Per gli aspetti relativi al finanziamento, secondo il Censis-Forum per la ricerca biomedica, “occorre riflettere sugli attuali meccanismi di pay-back, che ribaltano sui produttori, e dunque anche sugli investimenti in ricerca, i risultati dei fallimenti terapeutici, quelli del carente controllo regionale sulla programmazione a livello di prescrizioni e consumi di farmaci, ed anche (ancor più grave) quelli dei disavanzi di bilancio conseguiti in altri ambiti della sanità”.
Ma bisogna anche individuare le priorità, solitamente sulla base della “promessa di successo”, e le modalità concrete di conduzione della ricerca e della sperimentazione nel campo della salute. Inoltre, per il Forum per la ricerca biomedica, “punto di assoluta importanza è quello relativo alle politiche di incentivazione dell’innovazione, ed in particolare della ricerca biomedica innovativa, ed alla relativa remunerazione, senza il quale ogni altro sforzo risulterebbe vano”.
In particolare, il Forum per la Ricerca Biomedica propone di vagliare le seguenti significative opzioni:
- la collaborazione tra pubblico e privato, “tema antico, rispetto al quale notevoli passi avanti sono stati fatti nel tempo anche in paesi come l’Italia, tradizionalmente poco inclini a simili collaborazioni. Ma molto ancora resta da fare, rispetto all’ampio possibile panorama delle collaborazioni e alleanze tra industria e accademia in modo particolare”;
- la collaborazione precompetitiva tra aziende, favorita da programmi nazionali ed internazionali;
- la definizione di innovatività nel campo specifico della ricerca biomedica e le modalità della sua misurazione e remunerazione.

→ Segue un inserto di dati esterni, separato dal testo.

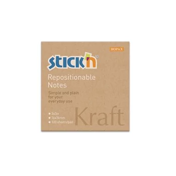 Öntapadó jegyzettömb STICK`N kraft notes 76x76mm natúr barna 100 lap
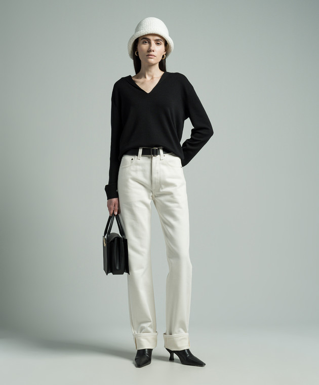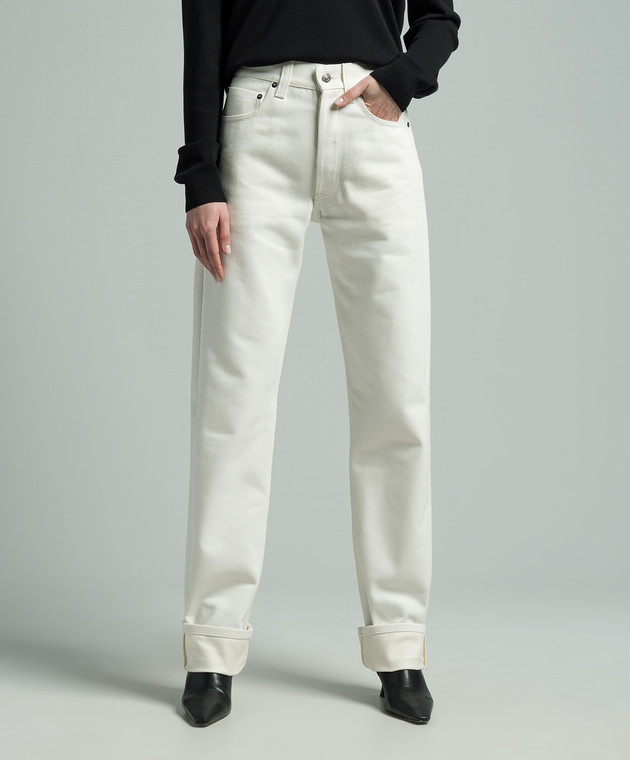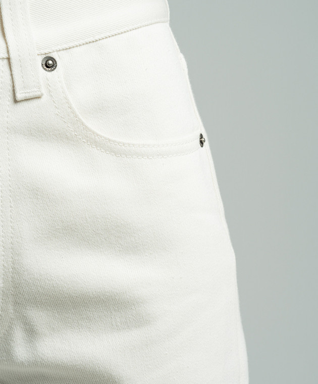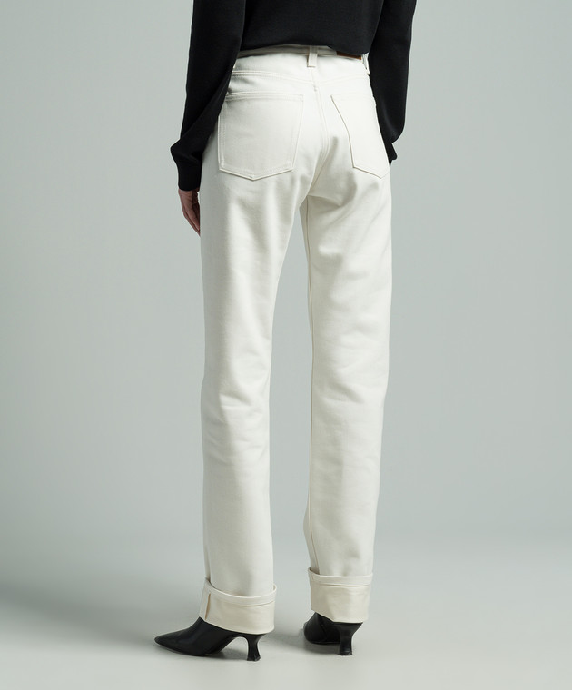 Білі джинси з шовком зі шкіряним патчем логотипа

C’è un punto, poi, che “appare particolarmente importante tra le proposte da portare avanti per un futuro non immediato”: quello della valutazione congiunta dei costi delle terapie in tutte le loro articolazioni. “Come accade anche in altri comparti e settori, questo ambito di spesa pubblica per le politiche del benessere soffre per la carente integrazione delle informazioni e delle valutazioni sul mix degli strumenti e dei servizi e sull’impatto complessivo del processo terapeutico sul singolo paziente e sulle categorie di pazienti. Questa carente integrazione non permette di valutare ad esempio quali siano i risparmi ottenibili in uno dei segmenti della terapia grazie al potenziamento di una altro segmento. Così non siamo in grado di produrre valutazioni rispetto ai risparmi ottenibili ad esempio nella spesa ospedaliera a seguito dell’investimento in farmaci innovativi”.